Integrating with Sanity CMS

With the product data now validated and enriched, it was time to push everything into Sanity CMS. I used the Sanity client’s .createIfNotExists() method to create product records only if they didn’t already exist. This method helped me avoid creating duplicates and ensured that I was always working with the most up-to-date product information.

const sanityClient = require('@sanity/client')

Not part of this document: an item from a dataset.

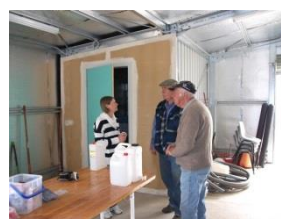
Members have a chat in the shed

const client = sanityClient({
  projectId: 'your-project-id',
  dataset: 'production',
  token: 'your-token',
  useCdn: true
})

async function createProductInSanity(product) {
  try {
    // there were a lot more fields but you get idea
    await client.createIfNotExists({
      name: product.name,
      productDescription: product.description,
      productImage: product.image
    })
  } catch (error) {
    console.error('Error creating product in Sanity:', error)
  }
}

However, I needed to make sure the Sanity mutations didn’t overload the server with too many requests. To address this, I used p-limit, a small library that limits the number of concurrent promises, ensuring I didn’t hit the rate limits.

const pLimit = require('p-limit')
const limit = pLimit(5) // Limit to 5 concurrent requests

const productPromises = products.map((product) =>
  limit(() => createProductInSanity(product))
)

await Promise.all(productPromises)

Sanity CMS

To make the process smoother for the client—the final user—I created a couple of Sanity Actions to streamline product management. One of these actions allows for manual scraping directly within the product document in Sanity CMS.

export function findInfo(context) {
  const client = context.getClient({ apiVersion: '2022-11-29' })

  const asyncFindInfo = (props) => {
    const { published, draft } = props
    // in case the product is not published
    const slug = draft ? draft.slug : published ? published.slug : null

    return {
      label: 'Buscar Información',
      onHandle: async () => {
        try {
          if (!slug) {
            toast.error('Error: you must have a slug') // toast from sooner ❤
            return
          }

          const product = await fetch(
            `https://cors-anywhere.herokuapp.com/https://apple.com/${slug.current}/` // just kidding, ist not apple 🤣
          )

          await createProductInSanity(product)
        } catch (error) {
          toast.error('Error with scraping process')
        }
      }
    }
  }

  return asyncFindInfo
}

Integrating with Sanity CMS was simple and straightforward, making it easy to structure and manage the imported product data efficiently.

const defineConfig = require('sanity').defineConfig
const findInfo = require('./sanity/lib/actions').findInfo

export default defineConfig({
  // ... All the other config
  document: {
    actions: (prev, context) => {
      // if the document is of type product then add the action
      if (context.schemaType === 'product') {
        return [...prev, findInfo(context)]
      }
      return prev
    }
  }
})

and Voila!

Automation

With the product data now successfully imported into Sanity CMS, I turned my attention to automating the entire process. To make sure the product catalog stayed up-to-date, I set up a cron job to run daily at 00:01 AM (its a good time to have server idle). This cron job would fetch the latest products from the WordPress API and automatically update the Sanity CMS.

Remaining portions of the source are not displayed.